Когда пограничный шлагбаум Германии остался позади, он обернулся к Кэт и сказал:
— Ну вот, девочка. Считай, что все.

БЛАГИЕ НАМЕРЕНИЯ

Он ошибся. Встретившись в Берне с пастором Шлагом, он понял, что ничего еще не кончилось. Наоборот, он понял: все еще только начинается. Он понял это, познакомившись с записью беседы, состоявшейся между Даллесом и агентом СС Гогенлоэ. Эту запись пастор получил через людей бывшего канцлера Брюнинга. Враги говорили как друзья, и внимание их было сосредоточено, в частности, на «русской опасности».
«Юстас — Алексу.
В дополнение к отправленным материалам о переговорах Даллес — Вольф.
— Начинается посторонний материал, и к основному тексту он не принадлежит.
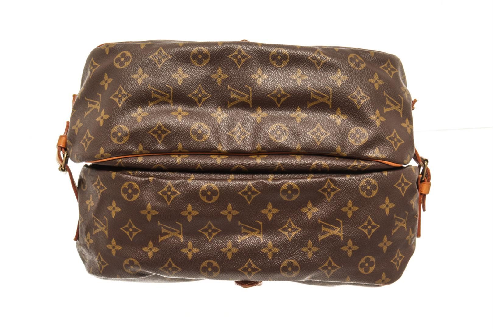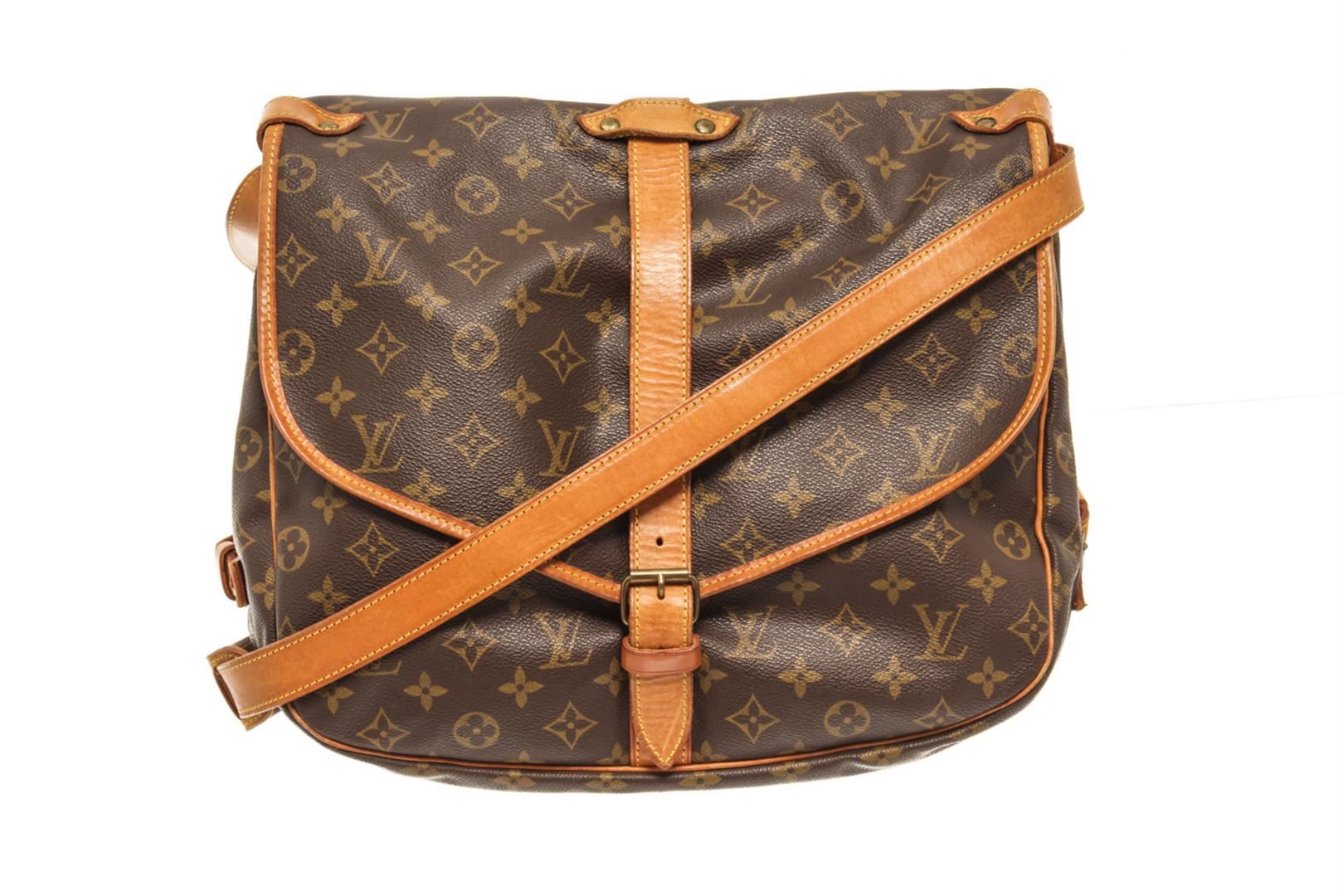 One Louis Vuitton Brown monogram Saumur 35 Crossbody Bag. Item is sold AS-IS. All available information is listed in the description and shown in the photo. louis vuitton brown monogram saumur 35 crossbody bag with features a monogram canvas exterior, brown fabric lining, a contrasting vachetta leather strap, front flaps with belt buckle closures, dual interior compartments, and interior slip pockets. Height: 10.6" Width: 9.4" Depth: 8.7, Handle Drop: / 26.93 x 23.88 x 22.1 Cm
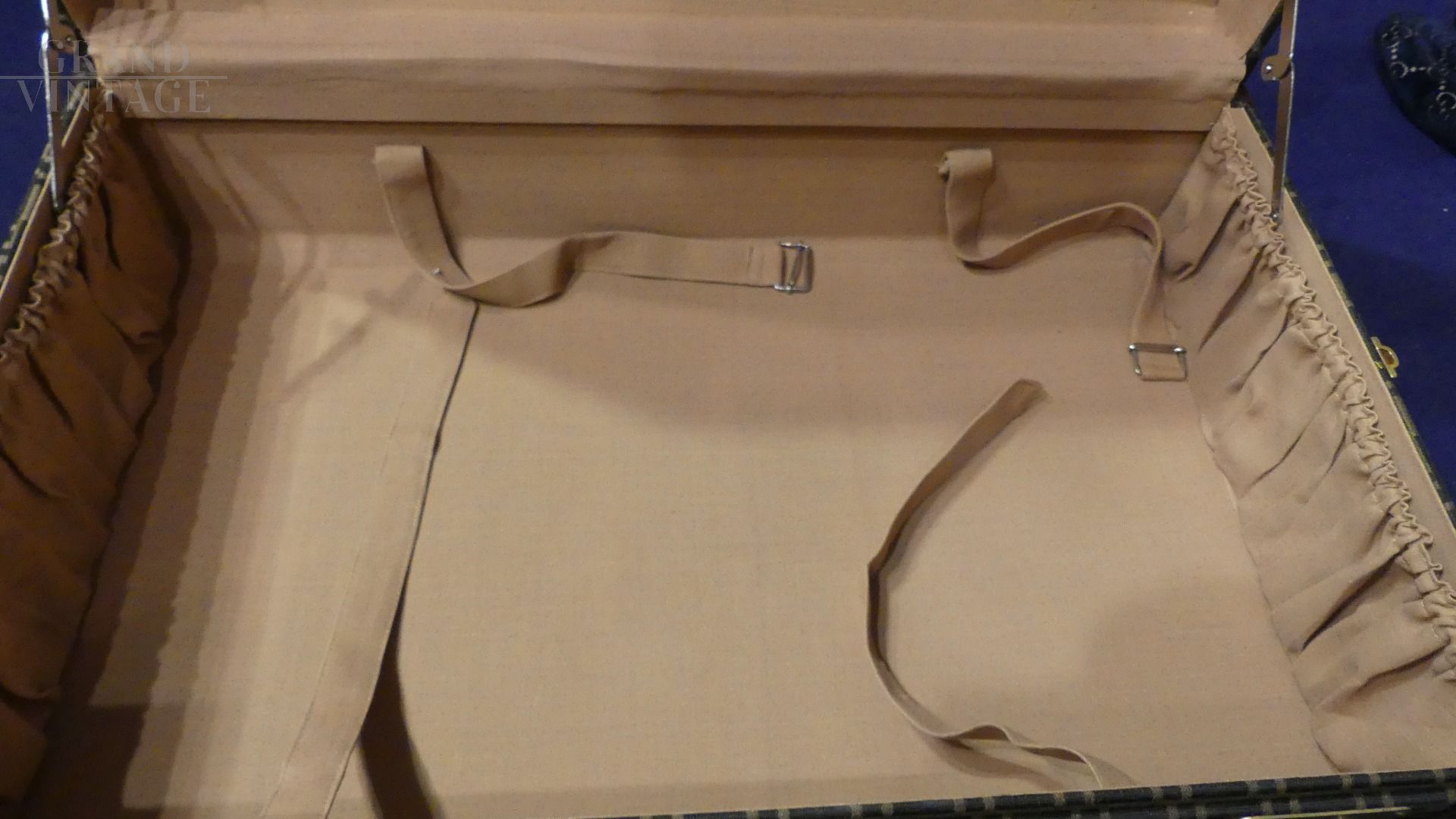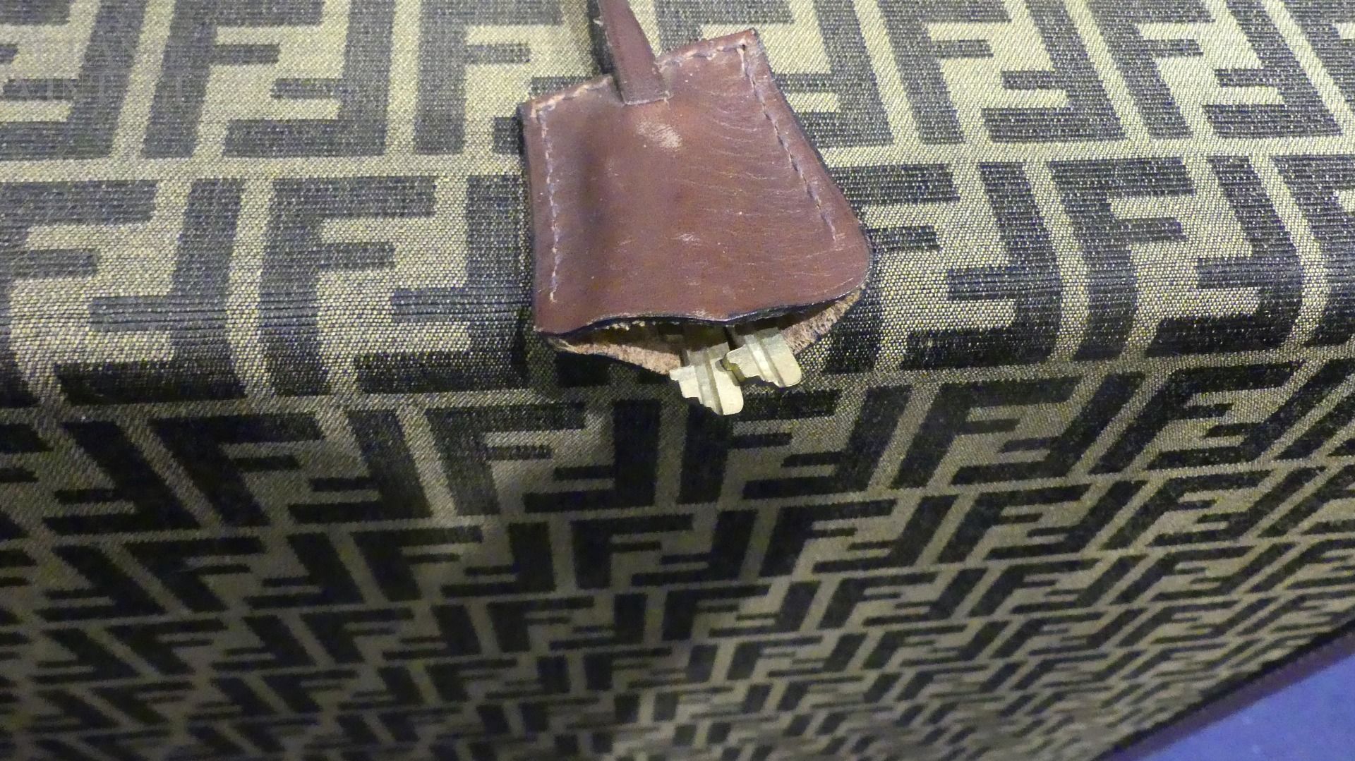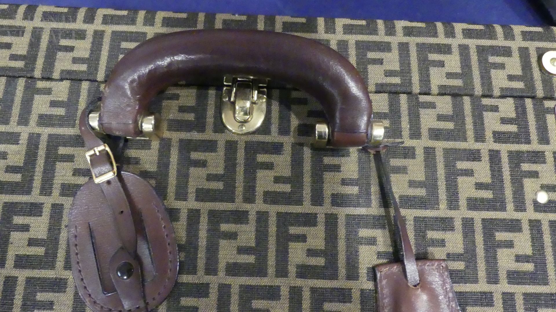 Valigia Fendi originale anni '70 / '80, made in Italy, con struttura in legno e tessuto jacquard marchiato FF Fendi, profili e dettagli in pelle marrone, maniglia unica e doppia chiusura a scatto completa di chiavi, in ottime condizioni.

Препровождая при сем копию беседы Даллеса с полковником СС князем Гогенлоэ, считаю необходимым высказать следующие соображения:
1. Как мне кажется, Даллес не информирует полностью свое правительство о контактах с СС. Видимо, он информирует свое правительство о контактах с «противниками» Гитлера. К таким ни Гогенлоэ, ни Вольф не относятся.
2. Рузвельт неоднократно заявлял о том, что цель Америки, как и всех участников антигитлеровской коалиции, — безоговорочная капитуляция Германии. Однако Даллес, как это явствует из записи беседы, говорил о компромиссе, даже о сохранении определенных институтов гитлеризма.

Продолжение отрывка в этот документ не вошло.